Quãdo esto vyo dom Ramiro, que era filho del rey bastardo, que nẽ hũu nõ querya cõ os iffantes entrar no campo por salvar a raynha, disse a el rey, per dante todos os que estavõ ennas cortes, que elle queria por ella tomar 248 aquelle campo e poer o corpo aos irmãaos. E, quando el rey esto vyo, julgou o reto. E este dõ Ramiro era homen muy fremoso e muy esforçado em armas. E, quando os iffantes virõ que lhes cõviinha entrar ẽ campo com dom Ramiro, foronsse a hũu moesteiro e confessaronsse a hũu santo homẽ de boa vida e contaronlhe toda a razon e como avyã aquello dicto contra sua madre con grande falssidade, nõ cuydando que hi ouvesse o reto; e contarõlhe todo o engano como e por que fora cuydado.

E o santo homẽ, logo que os ouve ouvydos em sua confisson, foisse logo a el rey e contoulhe todo o ẽgano como a raynha era acusada cõ grande falssydade e que perdoasse aos iffantes e mandasse soltar a raynha. / [175a] E el rey creo ao homẽ bõo e soltoua logo. E o reto foy partido. E per esta guisa foy a raynha dona Elvira livre de tal perigoo per dom Ramiro, seu enteado.

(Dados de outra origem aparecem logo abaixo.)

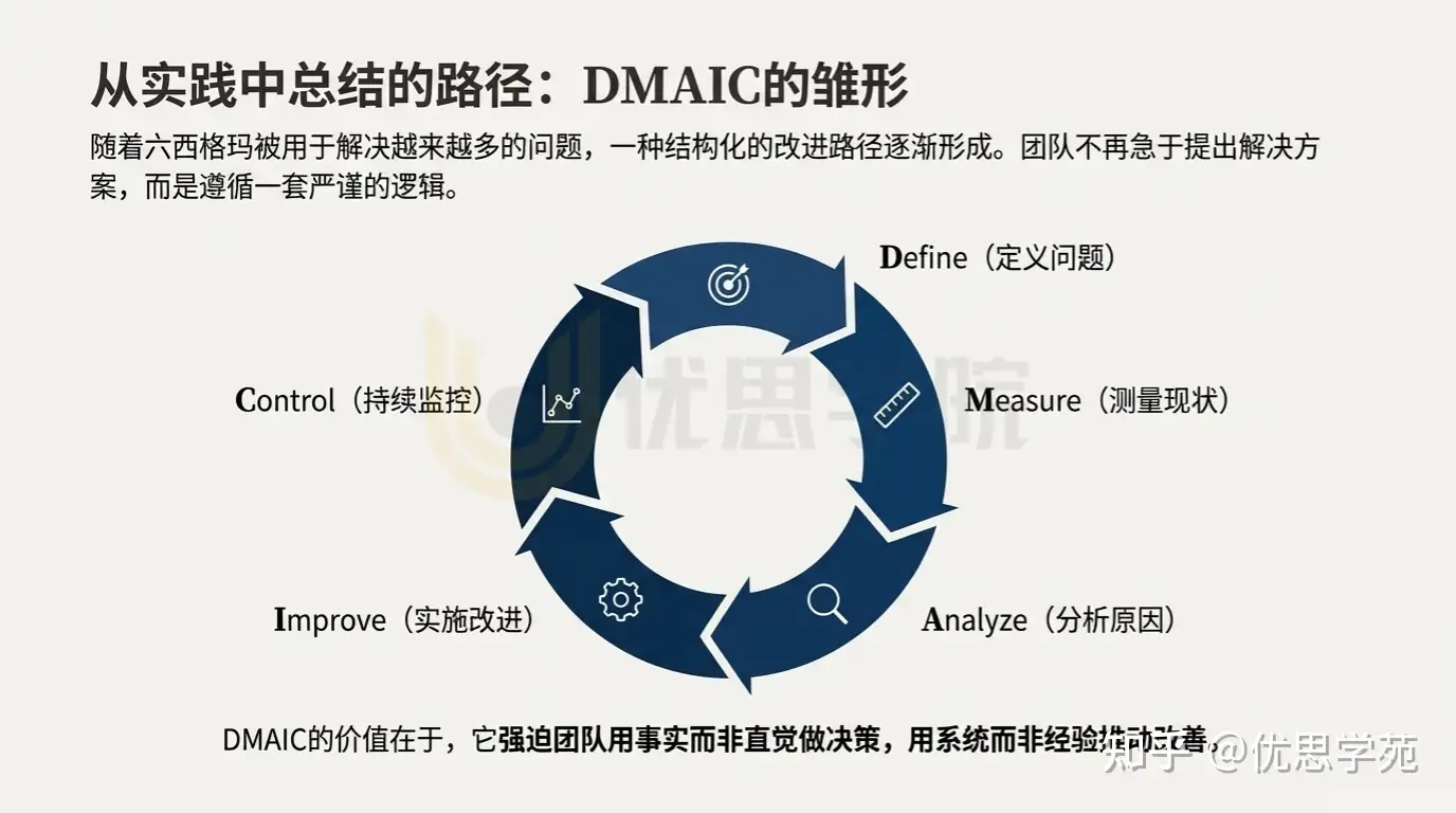DMAIC 的价值不在于步骤本身,而在于它强迫团队用事实而不是直觉做决策,用系统而不是经验推动改善。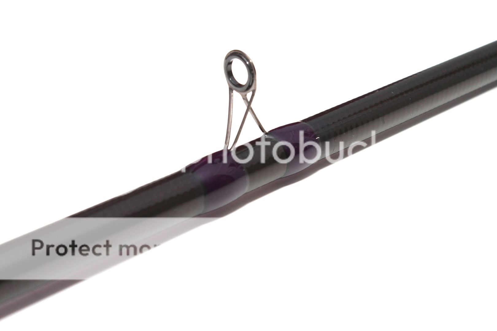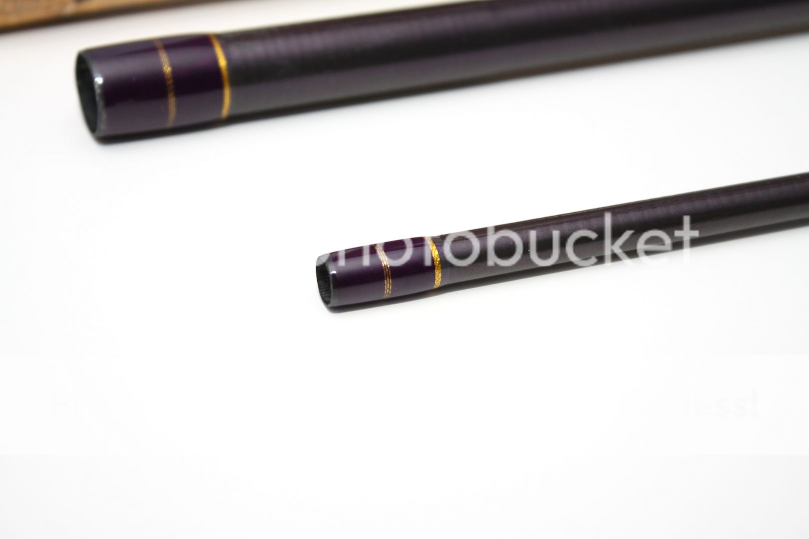 Pierścienie mocujące udało się zachować te oryginalne. zamontowane zostały nowe przelotki - omotki zamiast czarnych , wykonałem z nici w kolorze purpury , korespondujące z lekko purpurowym odcieniem blanku. By trochę wędkę ożywić i dodać jakiś elegancki akcencik - omotki wykańczające elemnty oraz rękojeść dostały małe wstawki z nici w kolorze zlotym.
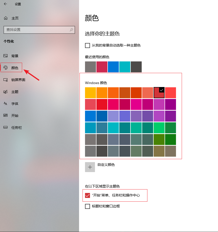 2.進(jìn)入設(shè)置界面,在左側(cè)選擇【顏色】,右側(cè)下拉找到【W(wǎng)indows顏色】,然后選擇一種喜歡的顏色,再勾選下面的【“開始”菜單、任務(wù)欄和操作中心】即可。

E, estando el rey muy alegre por este feito aver tam boa fym, veeo ante elle a raynha com sua pelle vestida, segundo o custume daquelle tempo, e disse:

– Senhor, o iffante dom Garcia, meu filho, o qual devera de aguardar e requerer toda mynha honrra e proveito a todo seu poder, assacoume testemunho falsso per que morresse a traiçom. E, por esto, eu o desherdo do reyno de Castella e d’Aragõ, que som meus, pera todo sempre, e outrossy das mynhas arras em toda minha vida.

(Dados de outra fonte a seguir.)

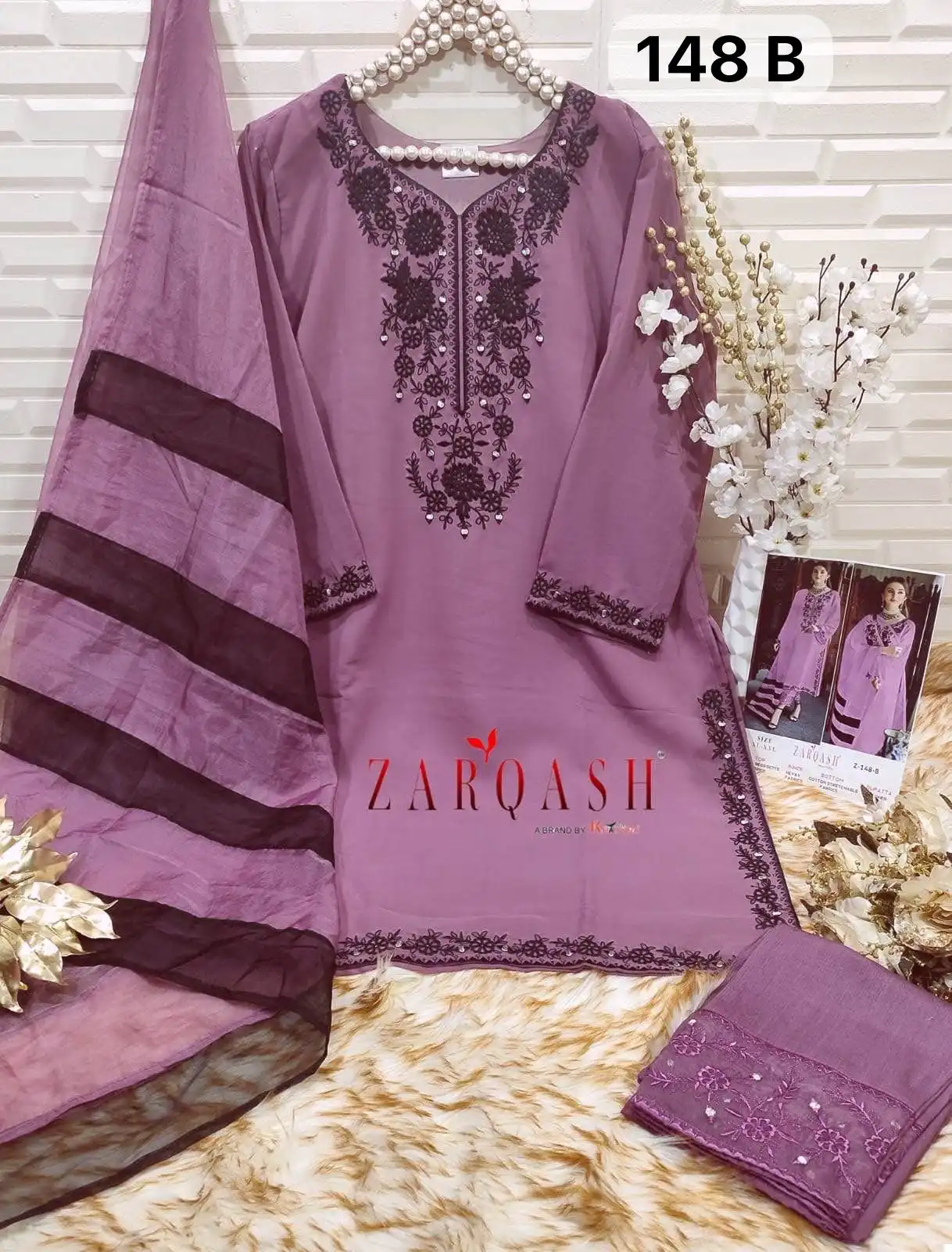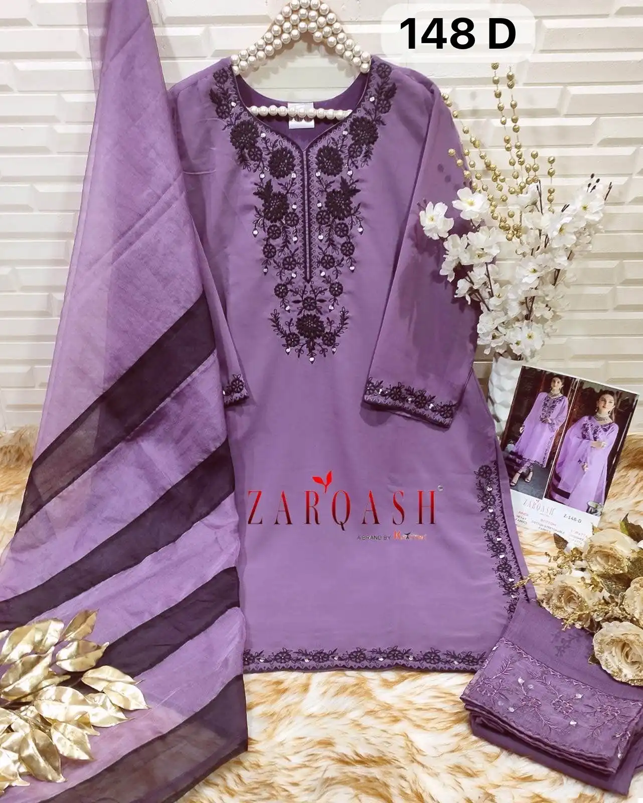 - The dupatta is crafted from Organza and designed by a designer.

E entom chamou dom Ramiro e disselhe:

– Dom Ramiro, vos sodes meu enteado e, segundo razon, mais me deverades buscar dampno que prol. E, por a vossa bondade, me livrastes de morte. E por esto vos tomo por filho e vos herdo pera todo sempre ẽno reyno d’Aragon, vos e todollos que de vos veherem, e outrossi das mynhas arras; e esto meesmo vos farya de Navarra, se meu fosse.

Entõ o tomou e meteo per hũa manga da pelle e sacouho pella outra, segundo era custume daquelle tempo de tomar os filhos adoctivos. E, vẽedo el rey ẽ como a raynha era sanhuda de seus filhos, rogouha que lhes perdoasse aquelle erro que lhe fezeron. E ella, veendo como a el rogava, 249 ouvelhes de perdoar, pero cõ tal preito e condiçon que dom Garcia, seu filho, nõ herdasse em Castella.

E assi aconteceu despois, que quando el rey dom Sancho partio aos filhos, teve por bem de dar a dõ Garcia, que era o filho mayor, o reyno de Navarra con o ducado de Cantabrya, e a dõ Fernãdo, o de Castela, e a dõ Ramyro, o reyno d’Aragõ. / [175b] E este partimẽto fez el rey despois per consselho e mandado da raynha, que nõ quis que os reynos fossem partidos em outra guysa.

E, em aquelle tempo, era Aragom muy pequena terra. Mas os reis o foron despois acrecentando do que tomaron aos mouros. E, por que este dom Ramyro foy o primeiro rey d’Aragon, porẽ leixaremos agora de fallar delle, ca despois tornaremos a elle e o seu linhagẽ, e tornaremos a seu padre el rey dom Sancho de Navarra.